Instructions to follow
Skip the pictures. Quote every line below, exactly, from the one with "De Tecnica Mach" through the final line.

Raw data

- - -

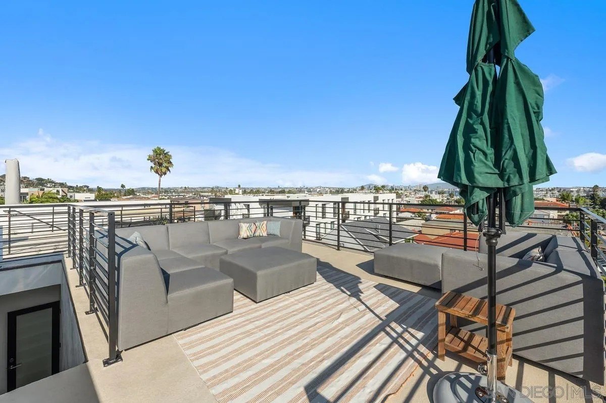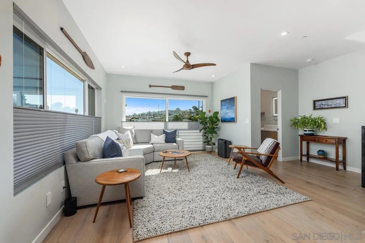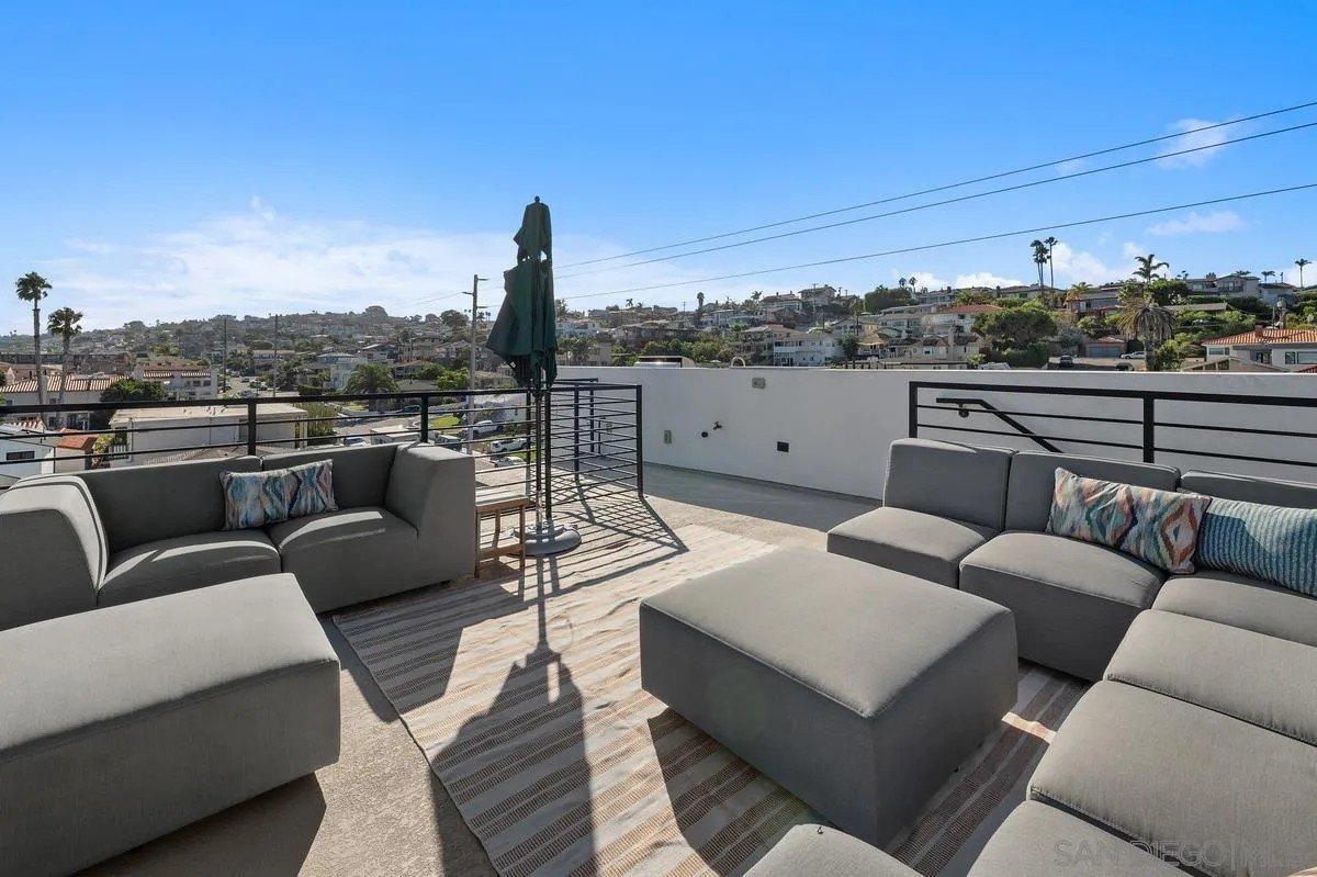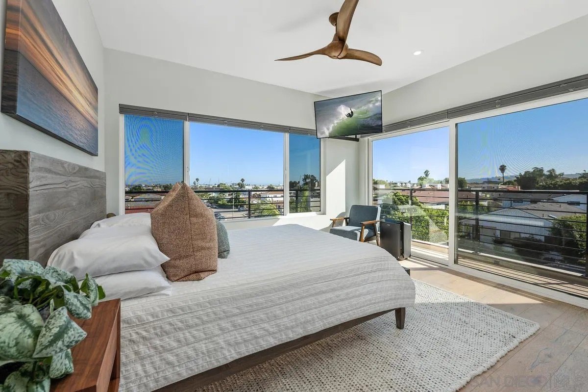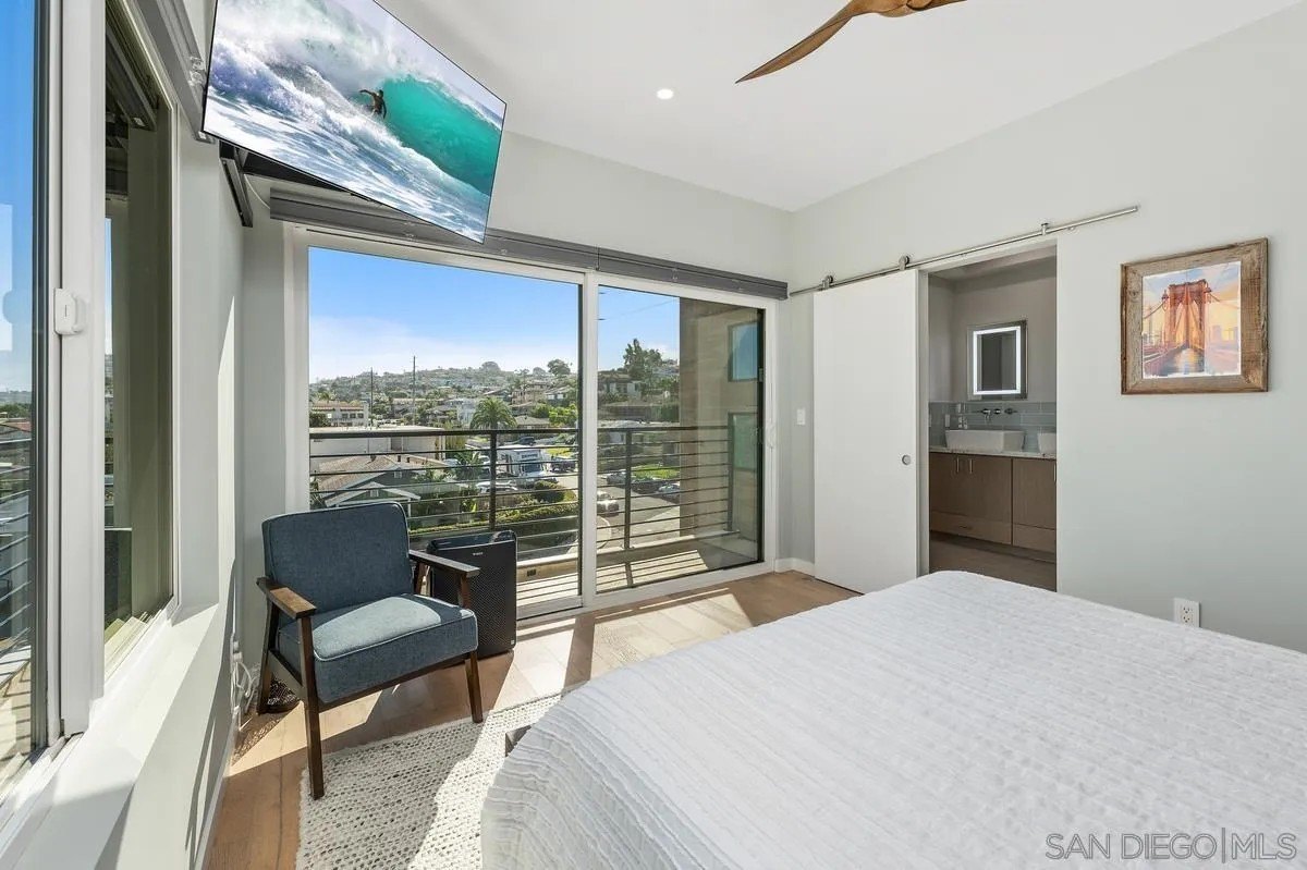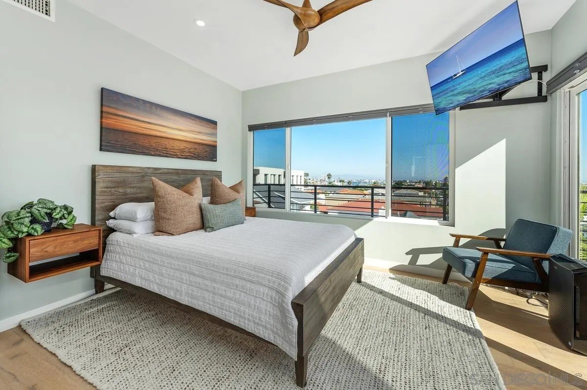 Just three blocks from the Bay in the heart of Point Loma Village, this luxury townhome in the Emerson Corner Complex blends modern design with everyday convenience and stunning views. Built in 2017, the home features an open floor plan with engineered Baltic Oak flooring, Shinnoki cabinetry, a Dacor appliance package, and a white quartz waterfall-edge island with designer lighting. Both upstairs bedrooms include ensuite baths with bay views, while the primary suite offers a private wraparound balcony and custom Elfa walk-in closet. Enjoy panoramic vistas from the private rooftop deck, complete with gas hookup, water spigot, and sink access - perfect for entertaining and watching the Big Bay Boom on the 4th of July! Additional highlights include dual-zone A/C, tankless water heater, LED lighting, Emtek digital hardware, and a smart-home system with Lutron lighting, Ring security, and MyQ garage controls. The two-car garage is equipped with an insulated Martin door with ultra-quiet smart opener. Living here grants easy access to some of Point Loma's most popular spots, including Mitch's seafood, Jimmy Famous Tavern, Ketch, Old Venice, to name a few, and an easy walk to live music at Humphrey's by the Bay. Nearby Shelter Island and Liberty Station add even more dining, entertainment, and coastal recreation options, all just minutes from your front door. With its rare combination of style, comfort, and a walkable waterfront location, this home captures the best of Point Loma living.
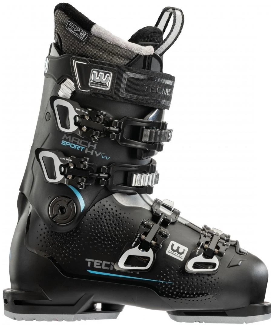 De Tecnica Mach Sport 85 HV Women is een skischoen met een hoog volume, geschikt voor voeten met veel breedte en een hoge wreef
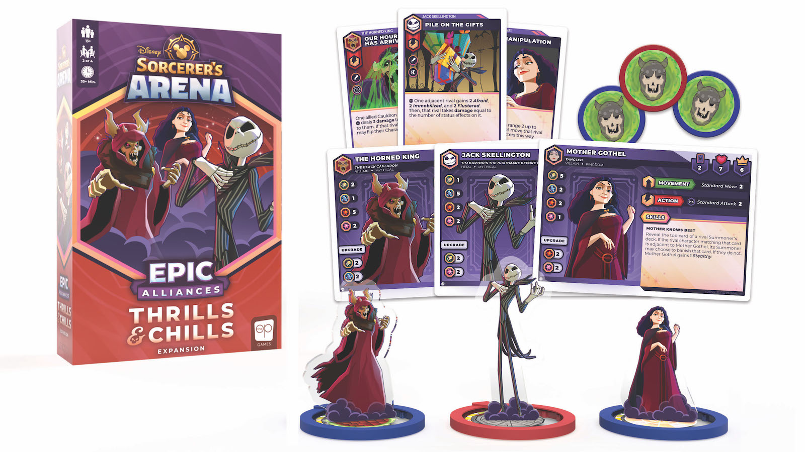 Disney’s Sorcerer’s Arena: Epic Alliances adds three new powerful characters to the mix in this expansion; Mother Gothel from Rapunzel, The Horned King from The Black Cauldron, and Jack Skellington from The Nightmare Before Christmas.

- - -

Answer to this problem
 De Tecnica Mach Sport 85 HV Women is een skischoen met een hoog volume, geschikt voor voeten met veel breedte en een hoge wreef
 Disney’s Sorcerer’s Arena: Epic Alliances adds three new powerful characters to the mix in this expansion; Mother Gothel from Rapunzel, The Horned King from The Black Cauldron, and Jack Skellington from The Nightmare Before Christmas.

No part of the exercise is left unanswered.